How does fluorine form in the universe? New discovery of galaxies 12 billion light-years away...

A new discovery reveals how fluorine, an element found in our bones and teeth in the form of fluoride, was formed in the universe. A team of astronomers using the Atacama Large Millimeter/Submillimeter Array (ALMA) detected this element in a very distant galaxy whose light took more than 12 billion years to reach us. This is the first time that fluorine has been detected in such a distant star-forming galaxy.

 

"We all know about fluoride because the toothpaste we use every day contains it in the form of fluoride," said Maximilien Franco from the University of Hertfordshire in the United Kingdom. He led the new study, published in Nature Astronomy on Nov. 4. Like most elements around us, fluorine is produced inside stars, but, until now, scientists have not known exactly how the element is produced. The researchers say, "We don't even know which types of stars produce most of the fluorine in the universe!"

 

Franco and his collaborators found fluorine (in the form of hydrogen fluoride) in a large gas cloud in the distant galaxy NGP-190387. Since stars expel the elements they form in their cores when they reach the end of their lives, this detection implies that the stars that create fluorine must undergo relatively short life cycles.

 

The team concluded that Wolf-Rayet stars, very large stars with lifetimes of only a few million years, are the most likely sites for fluorine production.
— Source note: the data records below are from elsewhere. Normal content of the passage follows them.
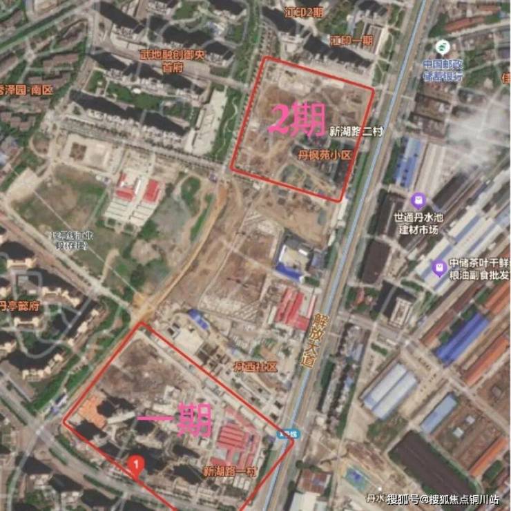 项目二期四至:项目北侧为江印小区;南侧为医院/体育场馆;东侧为解放大道、轨道1号线;西侧为融创御央首府小区;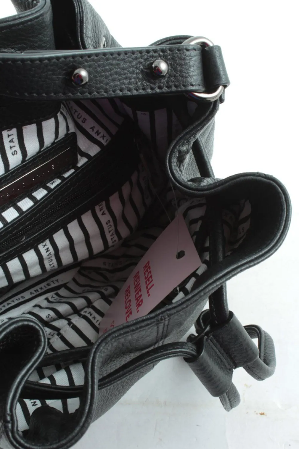 - Details: Schulterriemen, Metallelemente, Ösenelemente, gemustertes Futter, Logo-Applikation innen aus Metall, Reißverschlussinnenfach, verschließbares Innenfach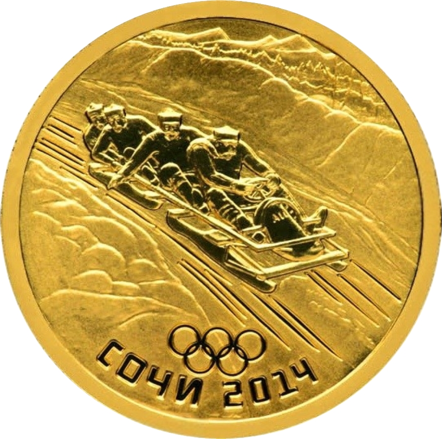 Опис: У центрі матового диска — рельєфне зображення чотирьох спортсменів у бобслейному санях, що мчать по трасі, обрамленій з обох боків сніговими заметами. На задньому плані — далекі гори, нижче — п'ять олімпійських кілець, під ними по краю — напис, виконаний технікою «пруф»: «СОЧИ 2014» (SOCHI 2014).

They say they are needed to explain the amount of hydrogen fluoride the team found. Wolf-Rayet stars were previously considered a possible source of cosmic fluorine, but astronomers have not known until now how important they were in producing the element in the early universe.

 

"We have shown that Wolf-Rayet stars are among the most massive stars known to explode violently at the end of their lives, somehow helping to keep our teeth in good health!" Franco joked.

 

In addition to these stars, past research has suggested other scenarios for how fluoride is produced and expelled. One example includes the pulsation of giant evolved stars with masses several times that of our Sun, which are known as asymptotic giants. But the team believes that these scenarios, some of which take billions of years to occur, may not fully explain the amount of fluorine in NGP-190387.

 

"For this galaxy, it only took tens or hundreds of millions of years for fluorine levels to match those found in stars in the Milky Way, which is 13.5 billion years old. This is a completely unexpected result," said Chiaki Kobayashi, a professor at the University of Hertfordshire. "Our measurements add a whole new constraint to the origin of fluorine, which has been studied for 20 years."

 

The discovery of NGP-190387 marks the first discovery of fluorine outside the Milky Way and its neighboring galaxies. Astronomers have previously found the element in distant quasars, bright objects driven by supermassive black holes at the centers of some galaxies. But the element has never before been observed in star-forming galaxies so early in the history of the universe.

 

The team's detection of fluorine was a serendipitous discovery, thanks to the use of space and ground-based observatories. NGP-190387 was originally discovered by the European Space Agency's Herschel Space Observatory and later observed by ALMA in Chile, where it is very bright for its distance. data from ALMA confirm that the exceptional brightness of NGP-190387 is partly caused by another known It is located between NGP-190387 and Earth, very close to the line of sight. This massive galaxy amplifies the light observed by Franco and his collaborators, allowing them to detect the faint radiation emitted by fluorine in NGP-190387 billions of years ago.

 

Future studies of NGP-190387 with the Extremely Large Telescope (ELT) - ESO's new flagship project that is being built in Chile and will begin operating within a decade - may reveal further secrets about this galaxy. "ALMA is sensitive to radiation emitted by cold interstellar gas and dust," said Chentao Yang, an ESO researcher in Chile. "With ELT, we will be able to observe NGP-190387 through direct light from the star and obtain key information about the stellar content of this galaxy."